(Saved data entries)
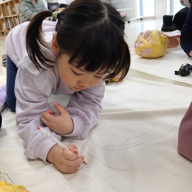 そんな中、なんだか不思議な形のものが登場。「それなに?」「むし?」ぐんにゃり曲がって、細いところや太いところ。それにシッポやくちばしみたいな出っ張りも。「動物かな?」「なんかの文字?」謎すぎる形にこどもたちの注目が集まりました。
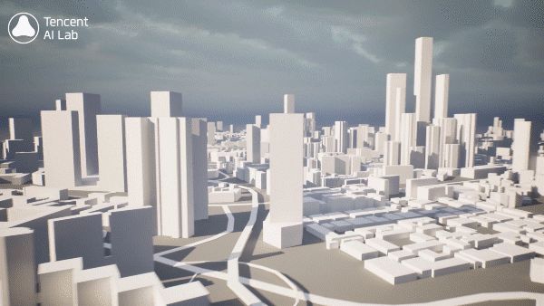 《AI Enhanced Procedural City Generation》效果展示 会上,腾讯展示了使用AI从零开始迅速搭建一座 3D 虚拟城市的过程,所建虚拟城市面积达到 25 平方公里,包含 130 千米路网、 4416 栋建筑以及超过 38 万个室内映射。这样一座大规模城市的“构建”,过去往往需要多名美术师以年为单位的时间才能完成,而结合AI只需要数周。
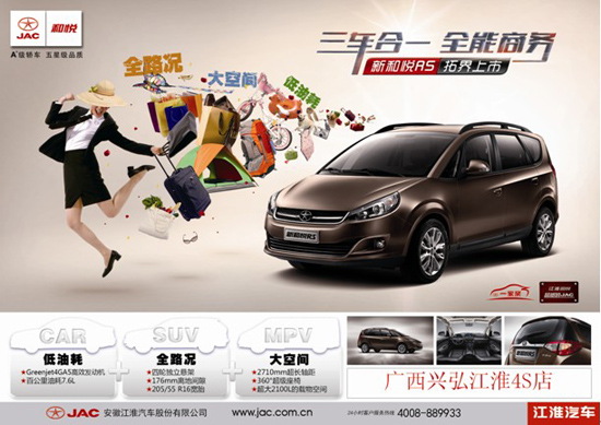2013年9月13-15日北部灣(南寧)第十一屆車展,廣西興弘江淮4S店重磅出擊,攜旗下包括瑞風(fēng)S5、瑞風(fēng)、瑞鷹、賓悅、和悅A30、和悅RS、和悅以及悅悅在內(nèi)的全系車型亮相,其中瑞風(fēng)S5、新和悅RS以及即將上市的和悅A30無疑是最大亮點(diǎn)。且江淮汽車從03年進(jìn)駐廣西南寧已經(jīng)10年,10年是一個(gè)值得慶祝的日子,所以在車展期間推出興弘江淮10周年購車鉅惠。。
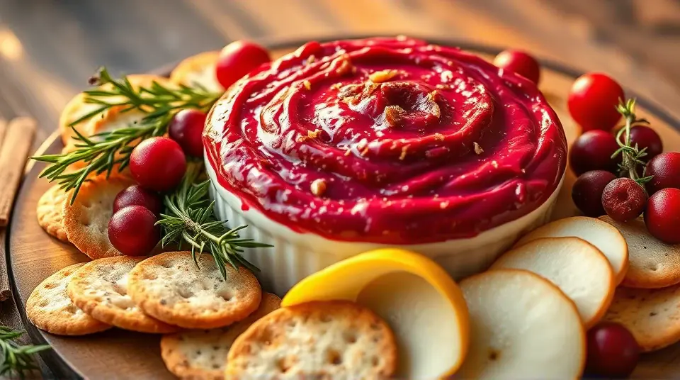 # Festive Cranberry Spread for Crackers and Appetizers 🥂🍇 This delightful cranberry spread is perfect for holiday gatherings, cocktail parties, or cozy get-togethers. Its blend of tart cranberries with sweet maple syrup and cream cheese creates a mouthwatering combination that pairs beautifully with a variety of crackers and breads. This spread is not only simple to make but also versatile; feel free to adjust the sweetness or spice levels to suit your taste. Serve it at your next gathering, and watch your guests come back for seconds! 🎉 ## Ingredients ### For the spread - 1 cup fresh or frozen cranberries - 1/4 cup maple syrup (adjust to taste) - 1/2 teaspoon cinnamon - 1/4 teaspoon nutmeg - 1 tablespoon lemon juice - 8 oz cream cheese, softened - 1/4 cup chopped pecans or walnuts (optional) - Fresh herbs for garnish (like rosemary or thyme) ### To serve - Assorted crackers (rye, whole grain, or herbed varieties) - Slices of toasted baguette - Fresh apple or pear slices (optional) ## Instructions 1. **Cook the cranberries**: In a medium saucepan, combine the cranberries, maple syrup, cinnamon, nutmeg, and lemon juice. Cook over medium heat until the cranberries begin to burst and a sauce forms (about 5-7 minutes). Remove from heat and let it cool completely. 2. **Blend the spread**: In a mixing bowl, beat the softened cream cheese until smooth. Gradually fold in the cooled cranberry mixture until well combined. > 💡 For a smoother texture, you can use a food processor to blend the mixture completely after cooling. 3. **Add nuts**: If using, fold in the chopped pecans or walnuts for extra crunch and flavor. 4. **Chill and serve**: Transfer the spread to a serving dish, cover, and refrigerate for at least one hour to allow the flavors to meld. 5. **Garnish and enjoy**: Before serving, garnish with fresh herbs for a festive touch. Serve alongside a variety of crackers, toasted baguette slices, or fresh fruit. ## Variations - **Spicy kick**: Add a splash of sriracha or a pinch of chili flakes for a spicy twist! 🔥 - **Vegan option**: Substitute cream cheese with a plant-based cream cheese alternative and adjust the sweetener to taste. - **Fruit lovers**: Mix in some finely chopped apples or pears to add extra sweetness and texture to your spread. - **Herb-infused**: Add a teaspoon of finely chopped fresh rosemary or thyme into the cranberry mixture for an aromatic touch. Enjoy this festive cranberry spread as a beautiful centerpiece for your appetizer table, bringing a perfect balance of flavors that everyone will love! 🥳name
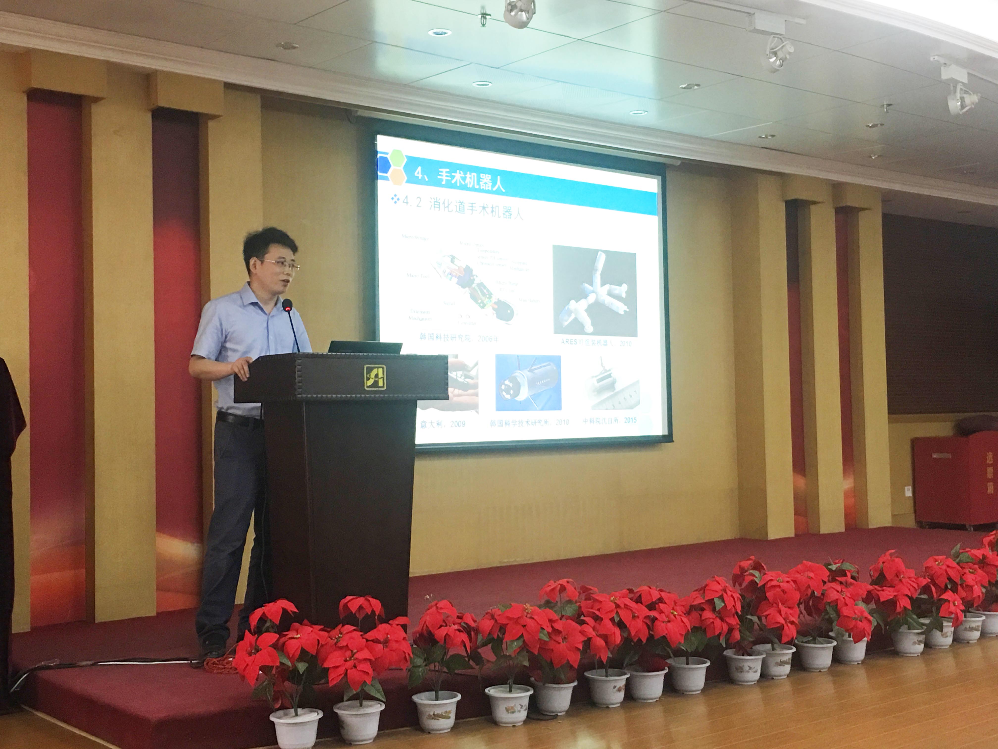 活動期間,沈陽自動化所副研究員劉浩、李棟分別帶來了題為《走進醫(yī)療機器人——人類健康的守護者》和《Made in China的智能制造》的科普報告。報告廳座無虛席,在認真聆聽報告之后,現(xiàn)場觀眾與兩位科研人員進行了互動問答,現(xiàn)場氣氛十分熱烈。沈陽自動化所還在影音教室準備了專門面向低年齡段觀眾的機器人科普報告,全天循環(huán)講解。
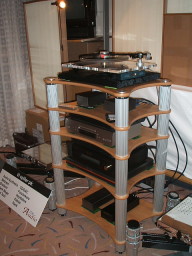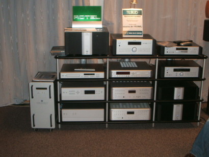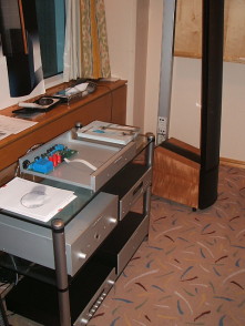 Her var rommet fylt opp av utstyr, også frå Yamaha som var ein av dei mange importørane som ikkje deltok på messa sjølve denne gongen. Det mest spennande frå André Zachariades var denne gongen JM Lab sine Grande Utopia med ei matchvekt på 210 kg pr kanal. For den med færre muskelmenn i familien kunne også Nova Utopia på berre 140 kg leverast. Begge desse hadde diskantelement i beryllium, som skal by på store lydlege kvalitetar og vere enormt driftssikkert. På dei rimelegare modellane var det også utvikla eit liknande element, men då ikkje i det kostbare beryllium-materialet. Diverre var ingen av desse kolossane rigga opp for å spele, så Hifihuset stilte ikkje denne gongen i konkurransen om beste messelyd… Av forsterkarar beit eg meg merke i ein mystisk sak som var stukken vekk på nedste hylle. Dette var ein integrert rørforsterkar med svært spennande design, og André kunne fortelje at dette var ein Chapter Audio Precise til rundt 50 000 kr.
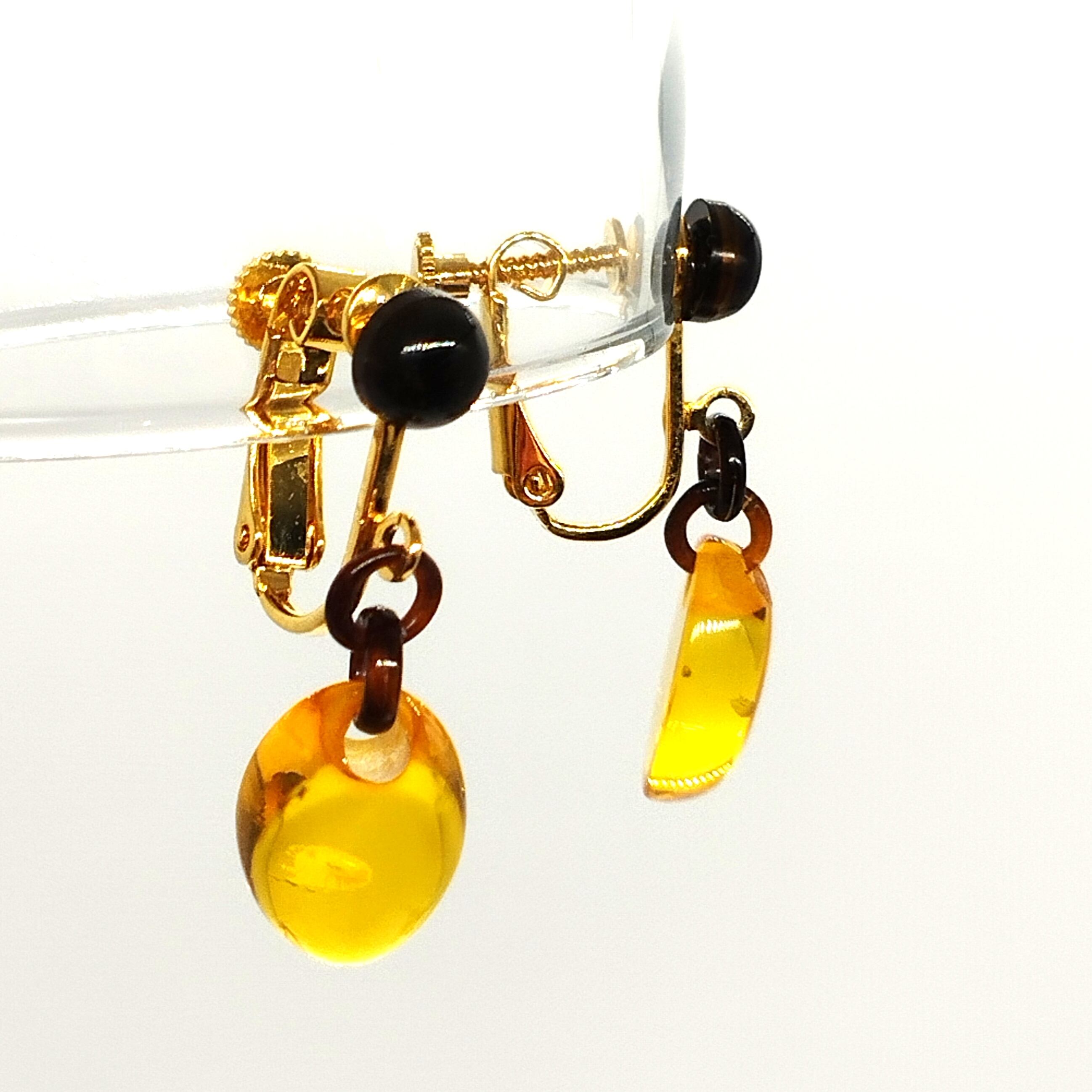 べっ甲 バラフ 本琥珀 イヤリング ぶら下がり イエロー (E-068)
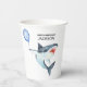 A fun Shark theme featuring a watercolor shark sporting a glittery party hat and holding a balloon with his age. Cute fun and modern.
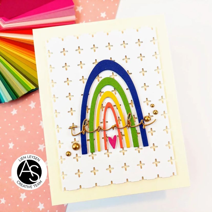 Create a delightful and whimsical rainbow with this versatile die set, which includes four rainbow layers and a heart die cut. Our Quirky Rainbow Die Set is expertly designed and crafted to coordinate seamlessly with our stamp/sentiment sets, allowing you to effortlessly elevate your crafting projects.
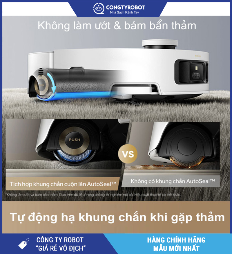 Với nhiều robot lau nhà, thách thức lớn nhất là đi qua thảm bị ẩm hoặc làm bẩn thảm do khăn lau còn ướt. AutoSeal™ (khung chắn) được thiết kế để giảm nguy cơ thấm ướt lên thảm và giúp robot linh hoạt hơn khi chuyển đổi giữa sàn cứng và thảm.
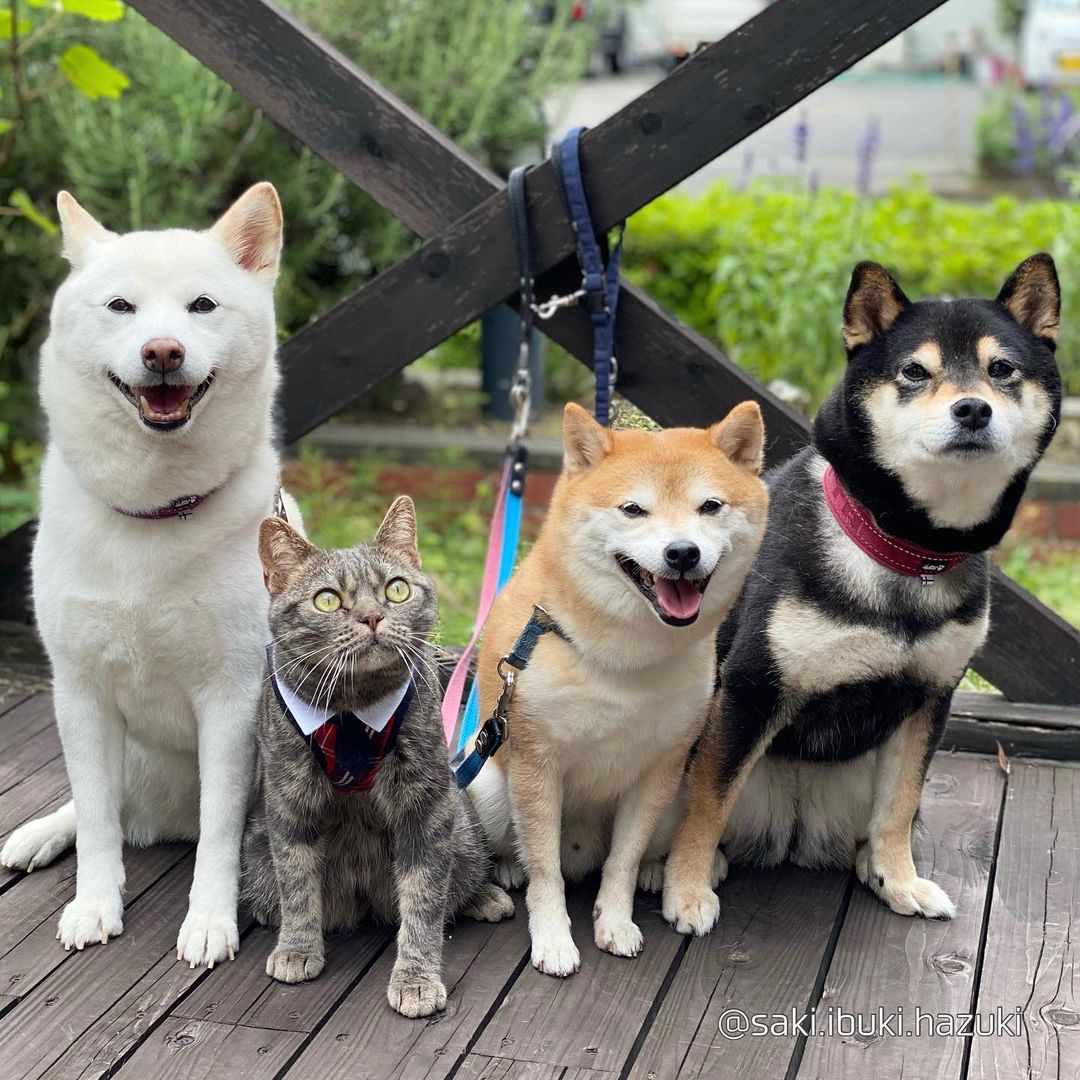 這位日本飼主經常在社群平台分享家中萌孩子的生活,四隻小朋友分別是白柴大姊Saki黑柴二姊Ibuki豆柴弟弟Hazuki貓小弟Kiki。而Kiki小時候就跟柴柴們一同長大,不僅不會護食(不讓其他人吃飯),更不會吵架、互相爭寵,總是喜歡窩在一起睡覺,連業配文都一起代言,感情好到沒話說!

▸ **TASK DIRECTIONS**: Drop every image, please, and write out the data above exactly as shown.

▸ **TASK SOLUTION**:
 そんな中、なんだか不思議な形のものが登場。「それなに?」「むし?」ぐんにゃり曲がって、細いところや太いところ。それにシッポやくちばしみたいな出っ張りも。「動物かな?」「なんかの文字?」謎すぎる形にこどもたちの注目が集まりました。
 《AI Enhanced Procedural City Generation》效果展示 会上,腾讯展示了使用AI从零开始迅速搭建一座 3D 虚拟城市的过程,所建虚拟城市面积达到 25 平方公里,包含 130 千米路网、 4416 栋建筑以及超过 38 万个室内映射。这样一座大规模城市的“构建”,过去往往需要多名美术师以年为单位的时间才能完成,而结合AI只需要数周。
2013年9月13-15日北部灣(南寧)第十一屆車展,廣西興弘江淮4S店重磅出擊,攜旗下包括瑞風(fēng)S5、瑞風(fēng)、瑞鷹、賓悅、和悅A30、和悅RS、和悅以及悅悅在內(nèi)的全系車型亮相,其中瑞風(fēng)S5、新和悅RS以及即將上市的和悅A30無疑是最大亮點(diǎn)。且江淮汽車從03年進(jìn)駐廣西南寧已經(jīng)10年,10年是一個(gè)值得慶祝的日子,所以在車展期間推出興弘江淮10周年購車鉅惠。。
 # Festive Cranberry Spread for Crackers and Appetizers 🥂🍇 This delightful cranberry spread is perfect for holiday gatherings, cocktail parties, or cozy get-togethers. Its blend of tart cranberries with sweet maple syrup and cream cheese creates a mouthwatering combination that pairs beautifully with a variety of crackers and breads. This spread is not only simple to make but also versatile; feel free to adjust the sweetness or spice levels to suit your taste. Serve it at your next gathering, and watch your guests come back for seconds! 🎉 ## Ingredients ### For the spread - 1 cup fresh or frozen cranberries - 1/4 cup maple syrup (adjust to taste) - 1/2 teaspoon cinnamon - 1/4 teaspoon nutmeg - 1 tablespoon lemon juice - 8 oz cream cheese, softened - 1/4 cup chopped pecans or walnuts (optional) - Fresh herbs for garnish (like rosemary or thyme) ### To serve - Assorted crackers (rye, whole grain, or herbed varieties) - Slices of toasted baguette - Fresh apple or pear slices (optional) ## Instructions 1. **Cook the cranberries**: In a medium saucepan, combine the cranberries, maple syrup, cinnamon, nutmeg, and lemon juice. Cook over medium heat until the cranberries begin to burst and a sauce forms (about 5-7 minutes). Remove from heat and let it cool completely. 2. **Blend the spread**: In a mixing bowl, beat the softened cream cheese until smooth. Gradually fold in the cooled cranberry mixture until well combined. > 💡 For a smoother texture, you can use a food processor to blend the mixture completely after cooling. 3. **Add nuts**: If using, fold in the chopped pecans or walnuts for extra crunch and flavor. 4. **Chill and serve**: Transfer the spread to a serving dish, cover, and refrigerate for at least one hour to allow the flavors to meld. 5. **Garnish and enjoy**: Before serving, garnish with fresh herbs for a festive touch. Serve alongside a variety of crackers, toasted baguette slices, or fresh fruit. ## Variations - **Spicy kick**: Add a splash of sriracha or a pinch of chili flakes for a spicy twist! 🔥 - **Vegan option**: Substitute cream cheese with a plant-based cream cheese alternative and adjust the sweetener to taste. - **Fruit lovers**: Mix in some finely chopped apples or pears to add extra sweetness and texture to your spread. - **Herb-infused**: Add a teaspoon of finely chopped fresh rosemary or thyme into the cranberry mixture for an aromatic touch. Enjoy this festive cranberry spread as a beautiful centerpiece for your appetizer table, bringing a perfect balance of flavors that everyone will love! 🥳name
 活動期間,沈陽自動化所副研究員劉浩、李棟分別帶來了題為《走進醫(yī)療機器人——人類健康的守護者》和《Made in China的智能制造》的科普報告。報告廳座無虛席,在認真聆聽報告之后,現(xiàn)場觀眾與兩位科研人員進行了互動問答,現(xiàn)場氣氛十分熱烈。沈陽自動化所還在影音教室準備了專門面向低年齡段觀眾的機器人科普報告,全天循環(huán)講解。
 Her var rommet fylt opp av utstyr, også frå Yamaha som var ein av dei mange importørane som ikkje deltok på messa sjølve denne gongen. Det mest spennande frå André Zachariades var denne gongen JM Lab sine Grande Utopia med ei matchvekt på 210 kg pr kanal. For den med færre muskelmenn i familien kunne også Nova Utopia på berre 140 kg leverast. Begge desse hadde diskantelement i beryllium, som skal by på store lydlege kvalitetar og vere enormt driftssikkert. På dei rimelegare modellane var det også utvikla eit liknande element, men då ikkje i det kostbare beryllium-materialet. Diverre var ingen av desse kolossane rigga opp for å spele, så Hifihuset stilte ikkje denne gongen i konkurransen om beste messelyd… Av forsterkarar beit eg meg merke i ein mystisk sak som var stukken vekk på nedste hylle. Dette var ein integrert rørforsterkar med svært spennande design, og André kunne fortelje at dette var ein Chapter Audio Precise til rundt 50 000 kr.
 べっ甲 バラフ 本琥珀 イヤリング ぶら下がり イエロー (E-068)
 A fun Shark theme featuring a watercolor shark sporting a glittery party hat and holding a balloon with his age. Cute fun and modern.
 Create a delightful and whimsical rainbow with this versatile die set, which includes four rainbow layers and a heart die cut. Our Quirky Rainbow Die Set is expertly designed and crafted to coordinate seamlessly with our stamp/sentiment sets, allowing you to effortlessly elevate your crafting projects.
 Với nhiều robot lau nhà, thách thức lớn nhất là đi qua thảm bị ẩm hoặc làm bẩn thảm do khăn lau còn ướt. AutoSeal™ (khung chắn) được thiết kế để giảm nguy cơ thấm ướt lên thảm và giúp robot linh hoạt hơn khi chuyển đổi giữa sàn cứng và thảm.
 這位日本飼主經常在社群平台分享家中萌孩子的生活,四隻小朋友分別是白柴大姊Saki黑柴二姊Ibuki豆柴弟弟Hazuki貓小弟Kiki。而Kiki小時候就跟柴柴們一同長大,不僅不會護食(不讓其他人吃飯),更不會吵架、互相爭寵,總是喜歡窩在一起睡覺,連業配文都一起代言,感情好到沒話說!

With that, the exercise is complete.